Judge Walker had a flicker of compassion for the young man. He reminded her so much of someone she’d known in her youth, but couldn’t quite put a face and name to him. It was the eyes, she thought. Those melted chocolate orbs tugged at her heart. Blinking away irrational tears, she left as abruptly as she’d come.
Judge Honoria Walker strode purposefully to her office, waving away the bailiffs.
“Go home,” she told them. “Your shift was over an hour ago. Send your replacements up, please. I don’t want to be disturbed.”
“Yes, ma’am,” they answered in chorus. They left her once she was seated at her desk, already dialing the phone.
After a handful of rings, someone answered. The voice was aged, rough, almost brittle. She could remember a time when he hadn’t sounded quite so abused, but time had not been kind to her old friend and mentor.
“Kyle, it’s Honey.”
He cleared his throat. The vibrating baritone she remembered so well, boomed out.
“Honey! Good Lord, it’s a surprise hearing from you today!”
“It’s been far too long since we spoke. I apologize, Kyle. I’ve been so busy with this case.”
“How’s it going? Boy’s guilty?”
“That’s what I want to talk to you about.”
After a long explanation, she had Kyle Tourney’s assurance that he’d make some calls.
“I’ll get back to you soon, my dear. Before I go, how are you? You sound tired.”
“Exhausted. Bert’s in the middle of his treatments and having uneasy nights. Even with the nurse, it’s difficult. I’m nearly at my wit’s end.”
“Let go,” her old friend replied. “Let him go, Honey. He’s fought a good fight, but he’s tired. It’s time for the old warhorse to hang up his spurs.”
“The horse doesn’t wear the spurs, Kyle,” she said sharply to cover her distress.
“You know what I mean, Honoria. If I’m going to make these calls tonight, I need to go. I’ll call as soon as I know anything.
“Thank you, Kyle.” She sniffled, hanging up the phone quickly before he heard her cry.

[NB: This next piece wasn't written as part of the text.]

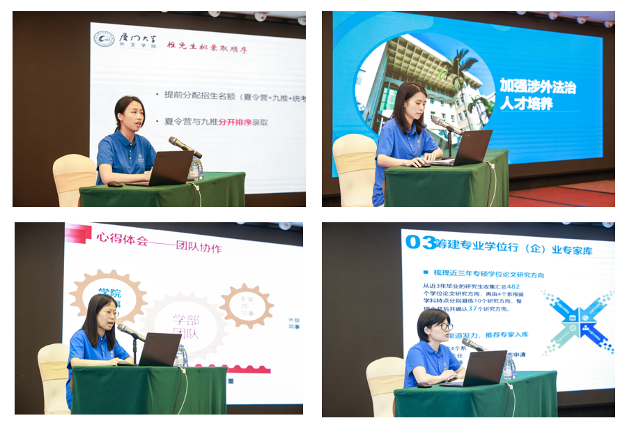 经验分享交流环节,外文学院邹柳新、法学院黄小红、生命科学学院张瑜、信息学院聂岑娜4位老师立足学院、学科研究生教育管理工作并结合自身工作实际和工作心得进行了精彩的经验分享。
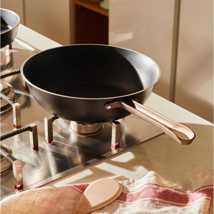 Il manico allungato, i bordi alti e il corpo concavo, rendono questa padella ideale per saltare le

Judge Walker hung up her robe with care, shaking the wrinkles free before putting it in her closet. She headed to her car, facing the bitter cold night with her chin held high. The two bailiffs, replacements for Cortland and Drover, walked her to her car. She waved her thanks as she pulled out of her parking place.
The brownstone townhouse was a welcome sight, though she wondered why all the lights were on. Every floor was illuminated, shining into the night. Not bothering to park in the garage, she hopped out of her car on the driveway. She flung the door open, calling for the nurse.
“Betsy! What’s going on?”
“Coming, Mrs. Walker.” She appeared at the top of the stairs.
“Why are all the lights on?”
“Mr. Walker wanted it that way. I couldn’t get him to sleep before promising to have the place all lit up when you got home. He took his meds, but wouldn’t sleep until I promised. It’s been a rough evening. What kept you?”
Her voice held deep concern, though to Honoria it seemed to hold a reprimand as well. Probably her own guilt shading the other woman’s words.
“Complications with a case,” she said quietly. “I wish I could tell you more, but I can’t just now. I’d better go up and check on him.” She headed up the stairs.
“You do that while I go shut off the extra lights. And you’d best put your car in the garage. There’s been break ins.”
“Thank you, Betsy. I’ll do that before I go up.”
She pulled into the garage. Turning off the car, she put her head on the steering wheel as the automatic door closed behind her. The tears she’d been fighting since talking to Kyle fell hot and heavy. She knew she had to let Bert go, but it wasn’t easy. He’d been part of her life over 40 years. They’d been married for 36 of them.
Meeting as freshmen, they’d married right out of high school. He’d seen her through college, law school and the birth of their four boys.
The first 10 years of their marriage had been hard. Finances were tight, especially with two children born in less than two years. Bert worked three jobs to keep food on the table and a roof over their heads.
The next 10 years weren’t much better, but they’d hung in there, raising their children and struggling to get her established as one of the top lawyers in the city. They’d held on against the odds as he went back to school after she opened her law office. Once she became a judge, it was better. Their children were grown, moved out, and gone. They had 10 good years before he got sick.